Here's the other article Romm mentioned. (I'm supposed to hit 100 again today , and all the way thru Fri.)
Second warmest August on record and warmest June-July-August for the oceans — despite deepest solar minimum in nearly a century September 16, 2009
NOAA reported the blockbuster news today:
The world’s ocean surface temperature was the warmest for any August on record, and the warmest on record averaged for any June-August (Northern Hemisphere summer/Southern Hemisphere winter) season according to NOAA’s National Climatic Data Center in Asheville, N.C. The preliminary analysis is based on records dating back to 1880.
NCDC scientists also reported that the combined average global land and ocean surface temperature for August was second warmest on record, behind 1998.
This is almost certainly the new El Niño on top of the long-term warming trend (see NOAA says “El Niño arrives; Expected to Persist through Winter 2009-10? — and that means record temperatures are coming and this will be the hottest decade on record).
Pretty impressive given that we’re at “the deepest solar minimum in nearly a century,” according to NASA. Go figure (see “Another long-debunked denier talking point is debunked again: Changes in the Sun are not causing global warming“).
As the AP noted about the July, which also had record ocean temps:
Breaking heat records in water is more ominous as a sign of global warming than breaking temperature marks on land, because water takes longer to heat up and does not cool off as easily as land.
“This warm water we’re seeing doesn’t just disappear next year; it’ll be around for a long time,” said climate scientist Andrew Weaver of the University of Victoria in British Columbia.

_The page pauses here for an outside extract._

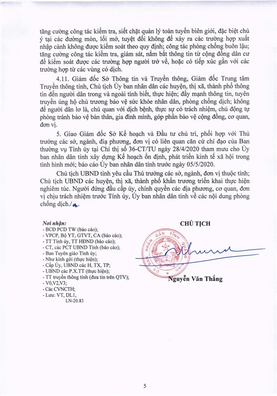 Ngày 29/4, UBND tỉnh ban hành Điện khẩn số 08/ĐK-UBND về việc thực hiện nhiệm vụ phòng, chống dịch COVID-19 trong giai đoạn ổn định kinh tế - xã hội trên địa bàn tỉnh.

It takes five times more energy to warm water than land.
The warmer water “affects weather on the land,” Prof. Weaver said. “This is another yet really important indicator of the change that’s occurring.”
As revealed by the NOAA video above (via Andy Revkin), it is getting hot pretty much everywhere, except of course over the continental United States, a small fraction of the world’s overall landmass inhabited by a large fraction of the world’s deniers, delayers, and disinformers who continue to trumpet the supposedly “cool” weather of the United States as part of their overall planetary cooling nonsense. And that’s too bad because we need all the unmuffled warnings we can get given that humans are not like slowly boiling frogs, we are like slowly boiling brainless frogs.
Once again, the geographical distribution of the warming continues to be bad news for those worried about the permafrost permamelt, since temps even in the summer ran upwards of 3°C (5.4°F) warmer than the 1961-1990 norm over much of Siberia, as National Climatic Data Center’s figure shows:
This is worrisome because:
NOAA recently reported: “Methane levels rose in 2008 for the second consecutive year after a 10-year lull,” Scientific analysis suggests the rise in 2007 methane levels came from Arctic wetlands (see here). Siberia contains probably the world’s largest amount of carbon locked away in the permafrost (see here). The permafrost is increasingly not so perma (see here). Much of that carbon would be released as methane, which is 23 times more potent a greenhouse gas than carbon dioxide. Also, the warming over Greenland will no doubt further accelerate the summer melt season there.
If the El Niño does strengthen and last into next spring, then 2009 may well see the hottest ocean temperatures on record — and 2010 may well be the hottest year on record.